By Michelle Seitz Staff writer
On Oct. 4 in Stretansky Concert Hall, the Schmidt Foundation hosted “‘Stolen Without a Gun:’ The Anatomy of a White-Collar Crime,” a lecture given by Walter Pavlo Jr. The purpose of the lecture was to help students understand white-collar crime and ethical decision-making.
Pavlo spoke about his experience working as a senior manager at MCI, a telephone company based out of New York City and head of the company’s finance department. During his time, he encountered $25 million in outstanding invoices by Caribbean Telephone, a fraudulent company based out of Detroit, Michigan.
The company promised to pay MCI in full; however, to get the money, they were going to sell cheaply made phone cards to customers for a much higher price. After months of no response, Pavlo decided to misuse promissory notes and cut off all ties with Caribbean Telephones after they signed them. He also demanded others start paying their fair share or he would do the same to them. Shortly after, a new manager stepped in at MCI who promised to write off their debt and balance the company’s budget.
Pavlo confided in a friend, who told him to remain at MCI while he took care of things. His friend showed up to MCI and lended them the money they needed.
This went on until MCI was bought out, and it was discovered that one of Pavlo’s deals were faulty. Pavlo then quit and spent the next few months living in fear until he received a letter from the United States’ Attorney’s Office informing him that they were investigating him.
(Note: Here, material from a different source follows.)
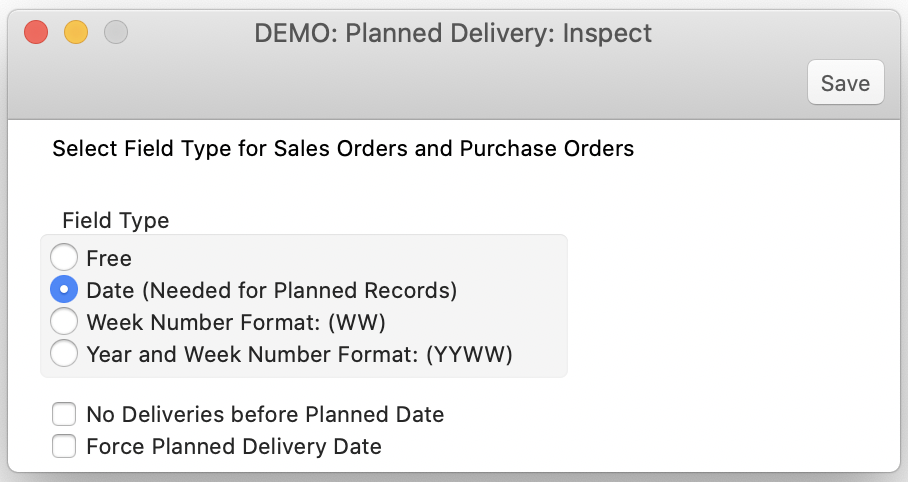 - Make sure that the Field Type is set to Date for in HansaWorld Sales Orders > Setting > Planned delivery setting:

Pavlo pleaded guilty in 2001, at 29 years old, to charges of wire fraud and money laundering. He recieved a reduced sentence by cooperating with the Federal Bureau of Investigation as well as testifying against the attorney involved in the scheme.
Pavlo currently gives lectures to business and law schools on white-collar crime and ethics. He also is a contributing analyst of white-collar crime to Forbes.com and the New York University School of Law.
Pavlo also helped develop Prisonology.com, a website that helps soon-to-be convicts and their families feel more at ease with their transition. The site answers questions about prison life.
Although criminality is represented very negatively, the extent of white-collar crime may be over-embellished, according to Pavlo. White-collar crimes tend to be committed by ordinary people who got caught up in an aspect of their job.
“We all do have temptation,” Pavlo said. “There are consequences for doing the right thing and that’s okay… One’s integrity is priceless.”
Michael Ozlanski, assistant professor of accounting, said, “A lot of the pressures [Pavlo] faced were the same we faced here on campus.”
“These are a lot of the things business professionals need to deal with. If we can get comfortable dealing with those pressures here in college, we could then leverage that into our careers and hopefully that will make us better people in our post-Susquehanna plan,” Ozlanski added.